8. (SBU) Paricipants flew to Kenana, White Nile State, the
afternoon of October 16 to begin work in six committees that will
propose solutions to the Darfur crisis while Bashir named an NCP
loyalist as rapporteur for the Kenana discussions. No date has been
announced for the commencement of talks in Qatar, though NCP
officials continue to look toward the end of the month. JMST
officers told polchief that Bassole and his team had not been
invited to Kenana for the next phase of the SPI. Chief of Staff
Yasser Sabra said the NCP had informed them that the next phase in
Kenana is intended to be for Sudanese political and civil society
leaders to develop a matrix of solutions on various issues, which
can then be used in Doha as a starting point for discussions. Sabra
said that the NCP expects Bassole to meet with rebels to ascertain
their views on the key issues. NCP politburo chief Mandour al Mahdi
confirmed this, telling polchief that the objective for Kenana is
for the six committees to produce a laundry list of proposals which
can be negotiated with the rebels in Doha. He urged the US to
pressure the rebels to attend, and claimed the GOS would be willing
to meet with key rebels on a bilateral basis. (Note: The six
committees that will meet in Kenana are: 1) The Committee on Options
for the Settlement of the Darfur Problem, 2) The Committee on
External Policies, 3) the Committee on IDPs, Refugees and Voluntary
Return (Humanitarian Affairs), 4) The Committee on Services and
Development, 5) The Committee on Services and Development, 6) The
Information Committee. End note). Not surprisingly, issues such as
accountability for past crimes and disarming pro-regime militias
seem to be - for now - off the table

9. (SBU) Comment: Overall, the opening of the SPI appeared to be
more of a political rally and show of support to President Bashir
than a sincere change of heart on Darfur. The lack of substance in
the speech by the Qatari State Minister was troubling, but many
Sudanese appear confident that with their deep pockets and financial
influence/leverage over the Sudanese regime, the Qataris will be
able to "buy off rebels" and force the regime to make the necessary
concessions, as well as provide development funds for Darfur.
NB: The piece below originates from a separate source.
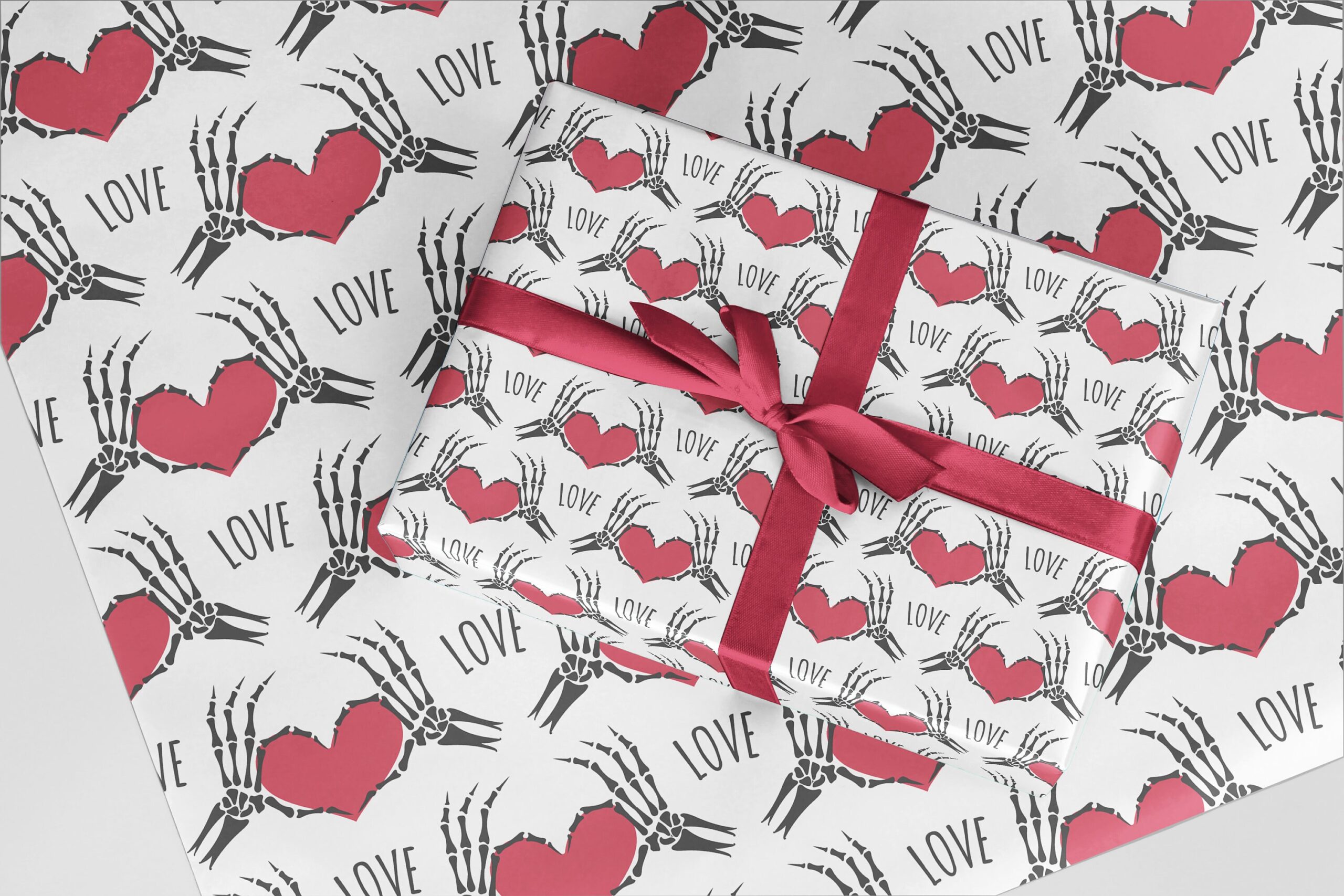 Horror Wrapping Paper, Black, White & Red Skeleton hand holding Heart Love design. Great for Valentine, Christmas and Birthdays

Particularly troubling was the presence of Arab militia leader Musa
Hilal, who along with many participants danced to "I am Sudanese, I
am African," a mainstay song of unity at these types of events.
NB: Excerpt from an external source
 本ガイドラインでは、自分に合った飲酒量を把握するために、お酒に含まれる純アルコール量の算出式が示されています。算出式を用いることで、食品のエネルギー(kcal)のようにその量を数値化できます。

However, there were some small signs of hope that the government may
be serious in this effort - such as the presence of civil society
leaders and academics such as Professor Al Tayeb from the University
of Khartoum, who is among those who have put the most thought into
possible solutions on Darfur. Al Tayeb and NCP polchief Mandour al
Mahdi appeared to be deep in conversation following the speeches,
and Al Tayeb told polchief that he may attend part of the conference
in Kenana and may submit some of his proposals to the effort. The
key to success in Doha over the next few weeks will be how the
Qataris and Chief Mediator Bassole are able to push the regime on
specific concessions to rebels that will lure them to the
negotiating table. If the key rebels refuse to attend the talks in
Doha, they will be a failure, just as the talks in Sirte, Libya last
year were a failure, and the Darfur crisis will grind on -- until
the Sudanese regime is able to reach out and make critical
concessions to the rebels, with or without the theater of formal
peace talks and conferences. Whether the proposed solutions that
emerge next week from Kenana actually contain some substance will
show whether the SPI is a serious attempt by the regime to solve
Darfur, or just a cynical charade intended to check a box off the
Arab League's plan to save Bashir from an ICC indictment.